As scientists were conducting their observations in deep space, they detected for the first time a sound of gravitational waves — travelling all across space — which was formed after two black holes collided with each other.
According to astronomers, the ways travel at different frequencies for decades, making waves as they pass by our Milky Way galaxy. The new discovery may allow the experts to have more insights into merging galaxies and supermassive black holes.
The gravitational waves — initially predicted by the physics genius Albert Einstein in 1916 — are ripples in space-time that were first identified in 2015.
These were detected from the remaining stellar material such as pulsars — ejecting radio waves — from the exploded stars.
According to Einstein’s theory, gravitational waves would stretch and compress space as they moved across the universe, affecting how radio waves travel.
The observations were published in The Astrophysical Journal Letters.

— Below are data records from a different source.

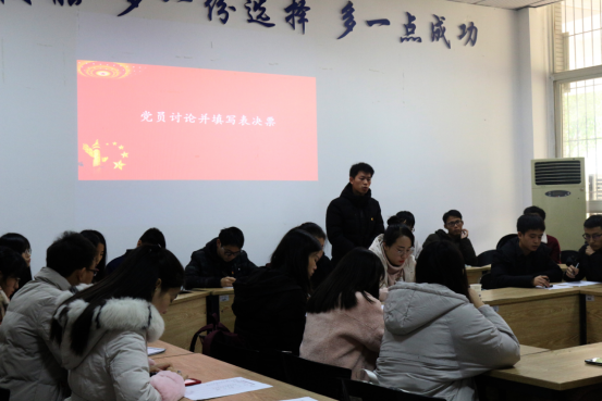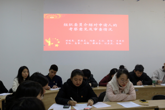 接着,电子信息学院党总支组织委员郭晓伟同志报告了12名同志的审查情况,现场对刘峻夷等12名同志的入党问题进行了讨论,参会党员也发表了意见。最后的无记名投票表决结果为:同意接收刘峻夷等12名同志为预备党员。随后学院副院长景兴红同志对参会的所有党员提出了三点期望:第一,实事求是,结合实际解决问题,要时刻保持积极性和主动性;第二,明白党员不只是一种身份,更重要的是需要极高的责任感和使命感,向身边的同学传递正能量;第三,党员同志要加强和入党介绍人的沟通交流,让老师能更好的了解同志们相应的状况。
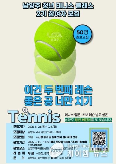 (케이엠뉴스) 남양주시는 오는 28일부터 9월 8일까지 남양주체육문화센터 테니스장에서 진행되는 ‘2025 남양주 청년 테니스 클래스 2기’참여자를 모집한다고 밝혔다.
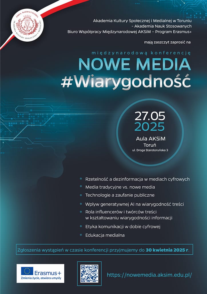 Akademia Kultury Społecznej i Medialnej w Toruniu od 2016 roku organizuje cykliczną międzynarodową konferencję poświęconą tematowi nowych mediów. W roku 2025 chcemy poświęcić szczególną uwagę wiarygodności oraz współczesnym wyzwaniom, które stoją przed użytkownikami w związku z odpowiedzialnym korzystaniem z technologii cyfrowych. Nowe media kształtują współczesne sposoby komunikacji, konsumpcji treści i postrzegania rzeczywistości. W dobie dezinformacji, fake newsów i algorytmicznej manipulacji, kwestia wiarygodności przekazu staje się kluczowym wyzwaniem. Konferencja „#Wiarygodność” stawia sobie za cel refleksję nad rzetelnością informacji, strategiami ich weryfikacji oraz rolą technologii w procesach budowania (lub podważania) zaufania w przestrzeni cyfrowej. Główne obszary tematyczne:
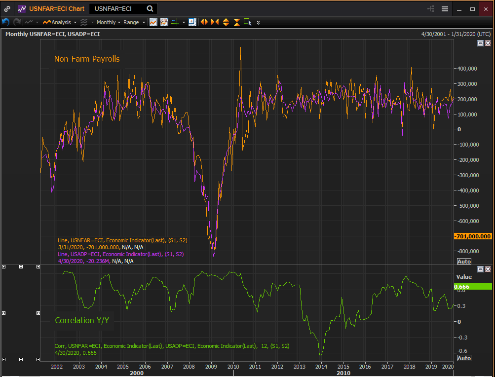 The ADP April forecast was extrapolated from initial claims data and did not suffer from the informed guesswork of the first two coronavirus estimates for March 20 and 27. The consensus prediction for the NFP number on Friday should have the same accuracy. With variations for the different categories and criteria used, the ADP, NFP and claims numbers are all packaging the same information.
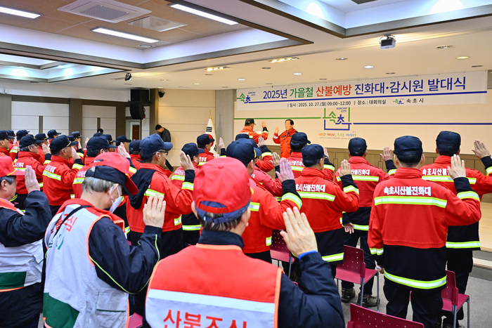 이병선 속초시장은 “이번 발대식은 본격적인 가을철 산불조심기간을 앞두고 산불 예방과 초기 대응의 중요성을 재확인하는 자리”라며 “가을철 산행이 늘어나는 만큼, 시민과 관광객께서도 인화물질이나 화기 반입을 삼가고 취사 행위를 하지 않는 등 산불 예방에 적극 동참해 주시길 바란다”고 말했다.
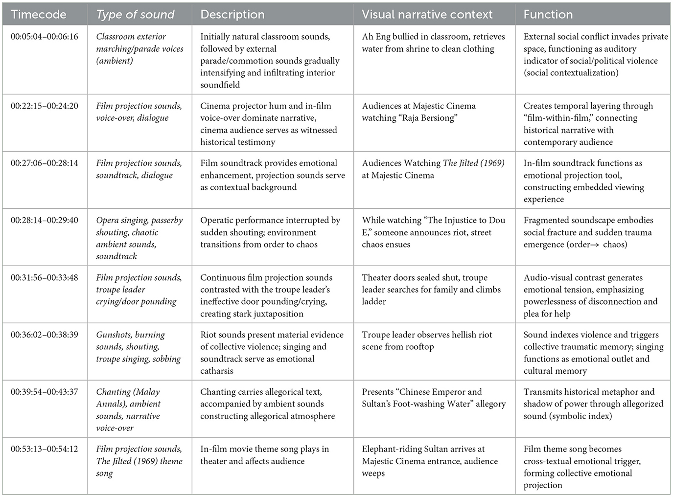 In the Malaysian cultural context, religious sounds exhibit a distinctive syncretic quality. This syncretism is not only evident in musical forms but also in the transmission of religious practices and cultural memory. For instance, the percussive sounds of gongs and drums in Chinese temple festivals, the vocal styles of the Malay traditional theater bangsawan, and the multi-ethnic participation in religious celebrations collectively form a “syncretic soundscape” that transcends singular religious boundaries. Tan's research on bangsawan reveals how this performance form integrates Malay, Chinese, Indian, and Western musical elements, serving as a sonic representation of Malaysia's multicultural identity (Tan, 1993). This context-specific theoretical perspective underscores that Southeast Asian religious sounds cannot be adequately understood through the Western binary framework of sacred vs. secular; rather, they require an appreciation of their “syncretic spirituality.” Furthermore, Malaysian scholarship on the ritual functions of traditional music offers significant theoretical support for this study. The concept of “bunyi alam” (natural sounds) in traditional Malay music theory emphasizes the intrinsic connection between sound, cosmic order, and the spiritual realm. This perspective posits that specific sounds possess the capacity to invoke spirits, heal the soul, and connect with ancestors, engaging in a compelling dialogue with Western soundscape theories that prioritize ecological and social analyses. Cinema, as a highly sensory and synesthetic art form, has redefined the significance of sound within the broader “sonic turn” in cultural theory, becoming a powerful conduit for the articulation of affect, sociopolitical meaning, and identity. In film, sound often exceeds its technical or narrative function, acquiring ritualistic, mediatic, and mnemonic dimensions. In the cultural context of Sinophone communities in Southeast Asia, religious sound is deeply entwined with local knowledge systems and embodied practices shaped by multilingual, multiethnic, and multireligious interactions. The clang of gongs and drums, ritual chanting, funeral laments, operatic performances, and temple soundscapes are not only markers of cultural identity, but also perceptual traces of ethnic trauma and fractured memory. These layered sonic forms, saturated with religious significance, serve as mediums of historical re-enactment across time and space. Within this framework, Hirsch's (2012) theory of “postmemory” offers a crucial lens through which to understand how sound operates as a carrier of trauma and inherited memory. Hirsch contends that those who did not directly experience a traumatic past may nonetheless inherit its affective imprint through images, narratives, and sonic experiences. This becomes particularly salient in Snow in Midsummer, where sound functions not merely as a vehicle for recalling history, but as a means of acoustically binding individual and collective trauma. As Hirsch suggests, sound becomes a medium of postmemory—an auditory path through which audiences “hear trauma.” This view is further reinforced by Laub's (1995) work on “traumatic listening.” According to Laub, trauma often escapes verbal articulation but may be re-evoked through sound and other sensory experiences, forming what he describes as a “heard but unseen voice”—a sonic embodiment of trauma, haunting, and the unspeakable. These disembodied yet emotionally charged sounds become the “echoes of trauma,” giving form to historical suffering in sensory terms and providing a space for both characters and audiences to confront the unresolved past.
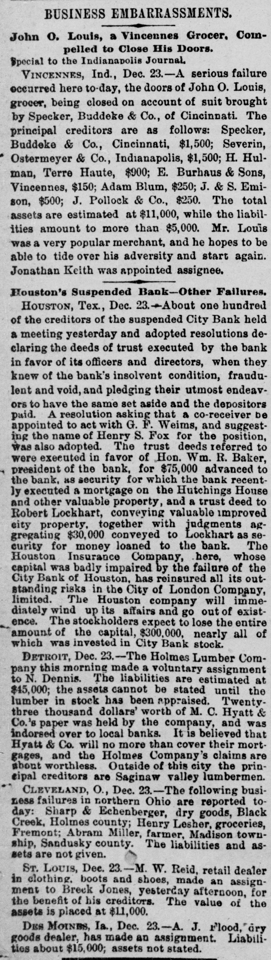 BUSINESS EMBARRASSMENTS. John o. Louis, a Vincennes Grocer. Compelled to Close His Doors. Special to the Indianapolis Journal. VINCENNES, Ind., Dec. 23.-A serious failure occurred here to-day, the doors of John O. Louis, grocer, being closed on account of suit brought by Specker, Buddeke & Co., of Cincinnati. The principal creditors are as follows: Specker, Buddeke & Co., Cincinnati, $1,500; Severin, Ostermeyer & Co., Indianapolis, $1,500; H. Hulman, Terre Haute, $900; E. Burhaus & Sons, Vincennes, $150; Adam Blum, $250; J. & S. Emison, $500; J. Pollock & Co., $250. The total assets are estimated at $11,000, while the liabilities amount to more than $5,000. Mr. Louis was a very popular merchant, and he hopes to be able to tide over his adversity and start again. Jonathan Keith was appointed assignee. Houston's Suspended Bank-Other Failures. HOUSTON, Tex., Dec. 23.-About one hundred of the creditors of the suspended City Bank held a meeting yesterday and adopted resolutions declaring the deeds of trust executed by the bank in favor of its officers and directors, when they knew of the bank's insolvent condition, fraudulent and void, and pledging their utmost endeavors to have the same set aside and the depositors paid. A resolution asking that a co-receiver be appointed to act with G. F. Weims, and suggesting the name of Henry S. Fox for the position, was also adopted. The trust deeds referred to were executed in favor of Hon. Wm. R. Baker, president of the bank, for $75,000 advanced to the bank, as security for which the bank recently executed a mortgage on the Hutchings House and other valuable property, and a trust deed to Robert Lockhart, conveying valuable improved city property, together with judgments aggregating $30,000 conveyed to Lockhart as security for money loaned to the bank. The Houston Insurance Company, here, whose capital was badly impaired by the failure of the City Bank of Houston, has reinsured all its outstanding risks in the City of London Company, limited. The Houston company will immediately wind up its affairs and go out of existence. The stockholders expect to lose the entire amount of the capital, $300,000, nearly all of which was invested in City Bank stock. DETROIT, Dec. 23.-The Holmes Lumber Company this morning made a voluntary assignment to N. Dennis. The liabilities are estimated at $45,000; the assets cannot be stated until the lumber in stock has been appraised. Twentythree thousand dollars' worth of M. C. Hyatt & Co.'s paper was held by the company, and was indorsed over to local banks. It is believed that Hyatt & Co. will no more than cover their mortgages, and the Holmes Company's claims are about worthless. Outside of this city the prineipal creditors are Saginaw valley lumbermen. CLEVELAND, O., Dec. 23.-The following busiLess failures in northern Ohio are reported today: Sharp & Echenberger, dry goods, Black Creek, Holmes county; Henry Lesher, groceries, Fremont; Abram Miller, farmer, Madison township, Sandusky county. The liabilities and assets are not given. ST. LOUIS, Dec. 23.-M. W. Reid, retail dealer in clothing. boots and shoes, made an assignment to Breck Jones, yesterday afternoon, for the benefit of his creditors. The value of the assets is placed at $11,000. DES MOINES, Ia., Dec. 23.-A. J. Flood," dry goods dealer, has made an assignment. Liabilities about $15,000; assets not stated.
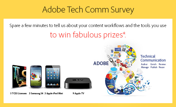 It does not matter if you use Adobe products or not. As long as you are a Tech Comm professional and want your voice to be heard, here is your chance. Please spare 20 minutes of your precious time to fill out the survey and stand a chance to win one of the 20 exciting prizes!
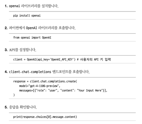 이 책 ’‘GPT-4을 활용한 인공지능 앱 개발’을 한 마디로 표현하면 '인공지능에 대해 어느 정도 이해와 학습 수준을 갖고 있는 사람들에게 적합한 GPT-4 입문서’ 라고 할 수 있겠습니다. 실습을 하는 데 있어 비용적인 측면이 들어가므로, 이러한 점도 모두 고려하여 책을 선택할 필요가 있습니다. 실습을 빼놓고만 보더라도 GPT의 역사부터 시작해서 LLM의 성능을 극대화 시킬 수 있는 다양한 튜닝, 프롬프트 엔지니어링 방법도 담고 있어 그 자체만으로도 분명 좋은 책입니다. GPT-4와 ChatGPT로 애플리케이션을 한 번 만들어보고 싶으신 분이라면 참고서적으로 읽어보시길 바랍니다.
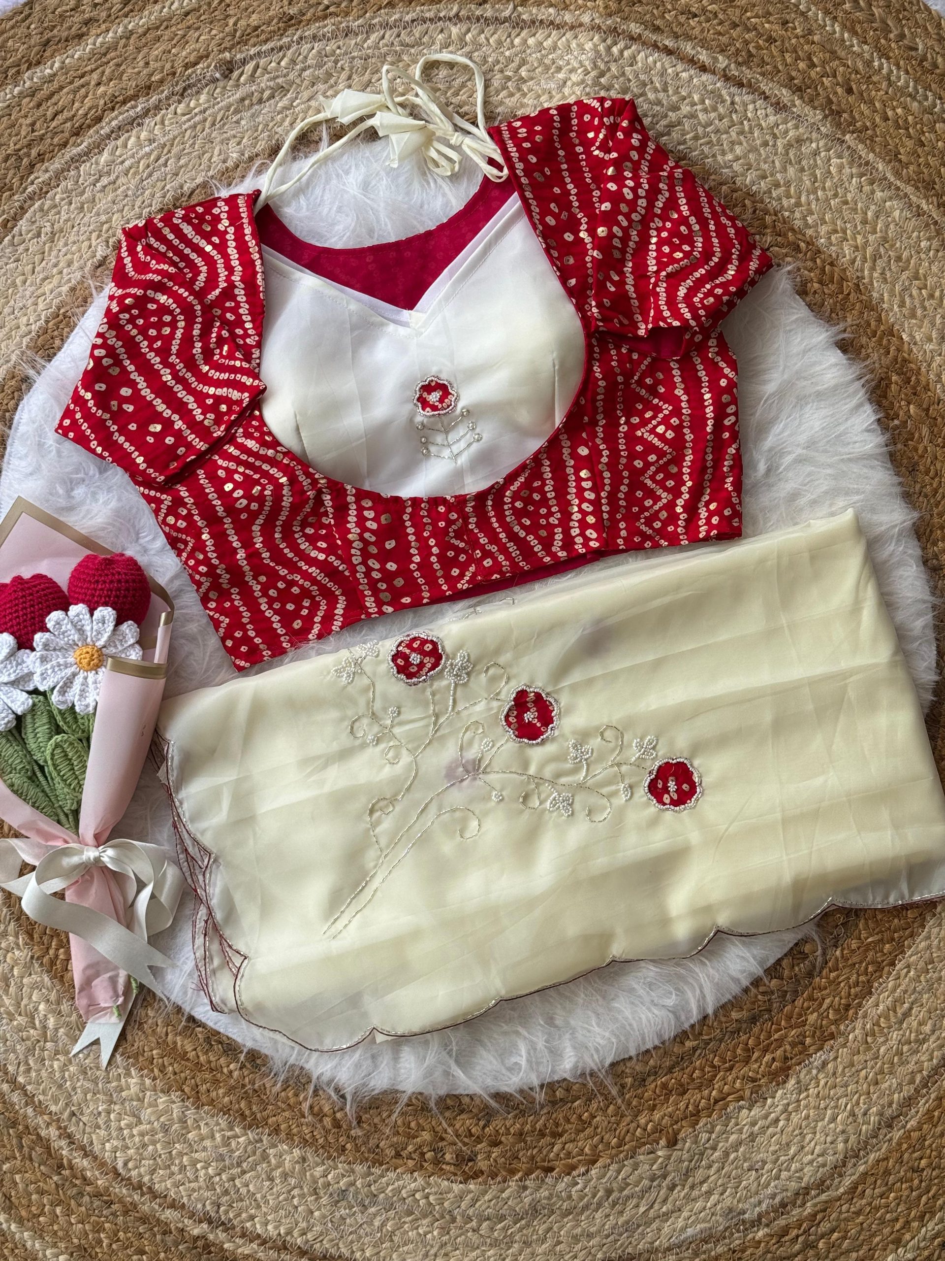 Saree Work : Hand Work Of Cut dana, Moti And Butta
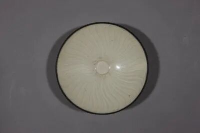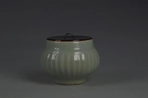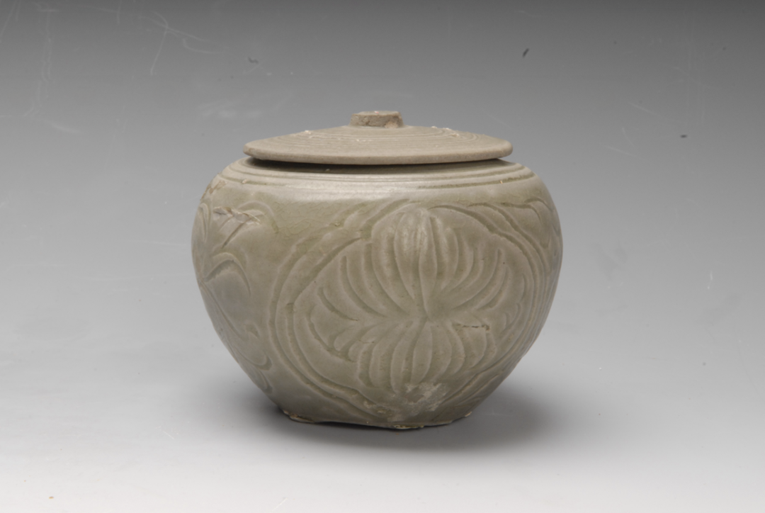 “采菊东篱下,悠然见南山”是东晋陶渊明诗中借自然景观所描绘的一幅悠然恬淡、超凡脱俗的境象。南山的美景与采菊时怡然自得的心境合成物我两忘的“无我之境”。采菊也包含着诗人超脱尘世,热爱自然的情趣。菊花开于暮秋,傲霜斗雪,不与群芳争艳的气节与古人的品行重合到一起。从古至今菊花不仅出现在诗文中,借以表达诗人不与时人同流合污的品质和超然独立的节操,还出现在书画之上,更融入于瓷器、玉器、金属器的装饰造型之中。此件北宋越窑菊瓣纹瓷盖罐便是菊花纹样饰于瓷器的实证。此种盖罐一般作为实用的盛储器,有的在古人生前是日常使用品,拥有者死后又随其入葬。
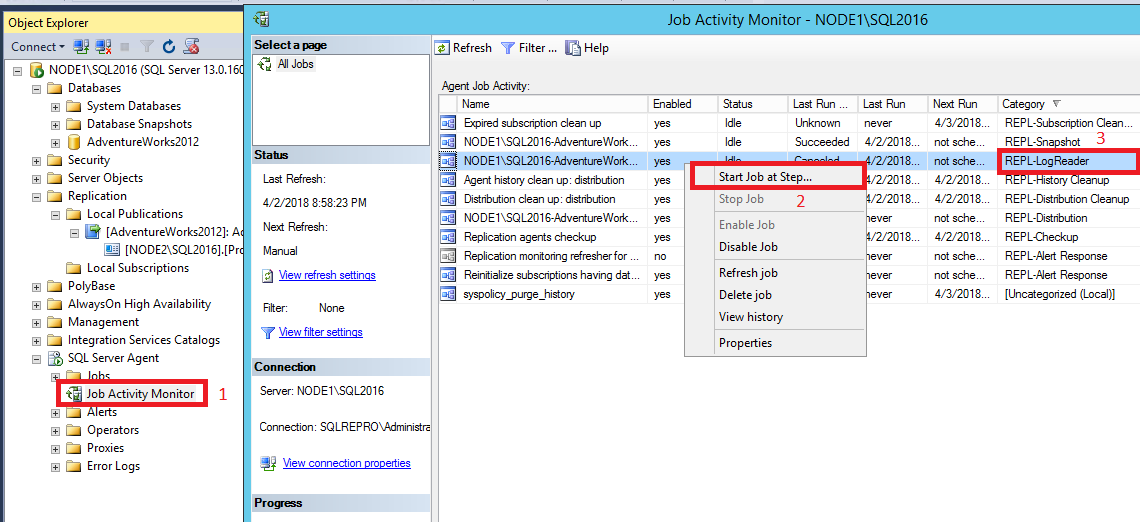 6. Restart the Log Reader Agent by right-clicking the agent > Stop Job at Step. Refresh by selecting the Refresh icon from the toolbar. Right-click the agent > Start Job at Step.

The newly detected waves are the most powerful that carry million of times more energy compared to a singular event detected in recent years resulting from black holes or neutron star mergers.
The study coauthor Chiara Mingarelli, assistant professor of physics at Yale University, said: “It’s like a choir, with all these supermassive black hole pairs chiming in at different frequencies.”
“This is the first-ever evidence for the gravitational wave background. We’ve opened a new window of observation on the universe.”
The gravitational wave background is a kind of cosmic noise which is made up of ultra-low-frequency gravitational waves.
As their speed is similar to light, scientists estimated that the rise and fall of one of the waves could take years or decades to pass by due to the space-time ripple effect.
Another coauthor and astronomer Dr Scott Ransom, said: “As we keep listening, we’ll likely be able to pick out notes from the instruments playing in this cosmic orchestra.”
“Combining these gravitational-wave results with studies of galaxy structure and evolution will revolutionise our understanding of the history of our Universe.”
As scientists earlier believed that supermassive black holes would orbit each other forever and cannot come together to create a sound like this “we finally have strong evidence that many of these extremely massive and close binaries do exist,” coauthor Dr Luke Kelley, assistant adjunct professor of astronomy at the University of California, Berkeley, said.
“Once the two black holes get close enough to be seen by pulsar timing arrays, nothing can stop them from merging within just a few million years.”
“The gravitational wave background is about twice as loud as what I expected,” Mingarelli said.
“Our combined data will be much more powerful,” said study coauthor Stephen Taylor, assistant professor of physics and astronomy at Vanderbilt University, adding that “we’re excited to discover what secrets they will reveal about our universe.”